Information for the public

Treating mantle cell lymphoma

For stage 1 or stage 2 mantle cell lymphoma, you may be offered radiotherapy if the lymphoma is in 1 area of your body (localised).

Radiotherapy is not suitable for everyone. If it isn't right for you, and your mantle cell lymphoma (of any stage) is not causing symptoms, your care team may suggest a period of watch and wait before starting treatment.

For stage 3 or stage 4 mantle cell lymphoma that is causing symptoms, you should be offered chemotherapy with rituximab. Your care team should see how well you are before deciding what type of chemotherapy might work best for you. You may then be offered high‑dose chemotherapy, which helps to kill any cancer cells left in your body, followed by a stem cell transplant. This is called 'consolidation' treatment.

Another possible treatment is a drug called bortezomib – you may be offered bortezomib as a first treatment if high‑dose chemotherapy with a stem cell transplant is not suitable for you.
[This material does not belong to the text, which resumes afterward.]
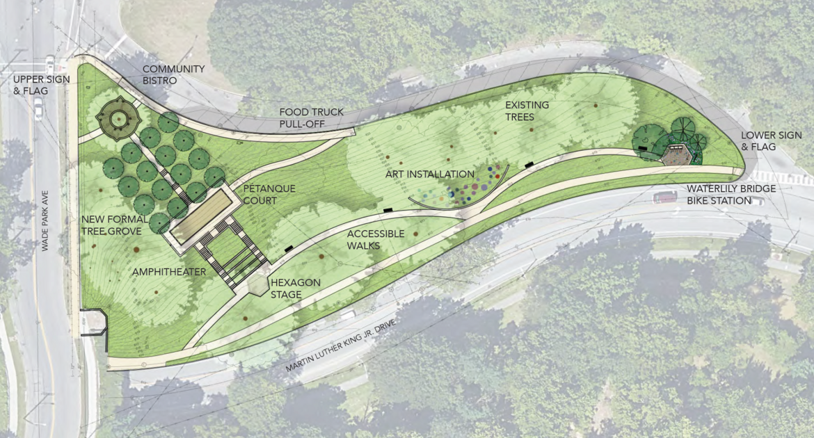 People can either hang out in the amphitheater or take the stairs up to the terrace. This terrace will be home to the petanque court, a classic French sport similar to bocce, giving the community a place to play games or hold events while overlooking the stage area. A formal tree grove of either European Hornbeams or London Planes – two trees common in France – will sit behind the terrace, creating an idyllic pathway connecting the walkways along Martin Luther King, Jr. Drive and the community entrance.

Some people are not well enough to have high‑dose chemotherapy. Ongoing regular treatment with rituximab may slow down any spread of the lymphoma and keep you well for longer. This is called 'rituximab maintenance' – ask your care team for more information.

If you are in remission after high‑dose chemotherapy, you may be offered rituximab maintenance to help stop the lymphoma from coming back.

Questions you could ask about treating mantle cell lymphoma

  • Why are you advising that we watch and wait before starting treatment?

  • What is rituximab – is it suitable for me?

  • What is high‑dose chemotherapy?

  • Is a stem cell transplant suitable for me? What type of transplant could I have?

  • If I am not well enough to have high‑dose chemotherapy or choose not to have it, what options can you suggest?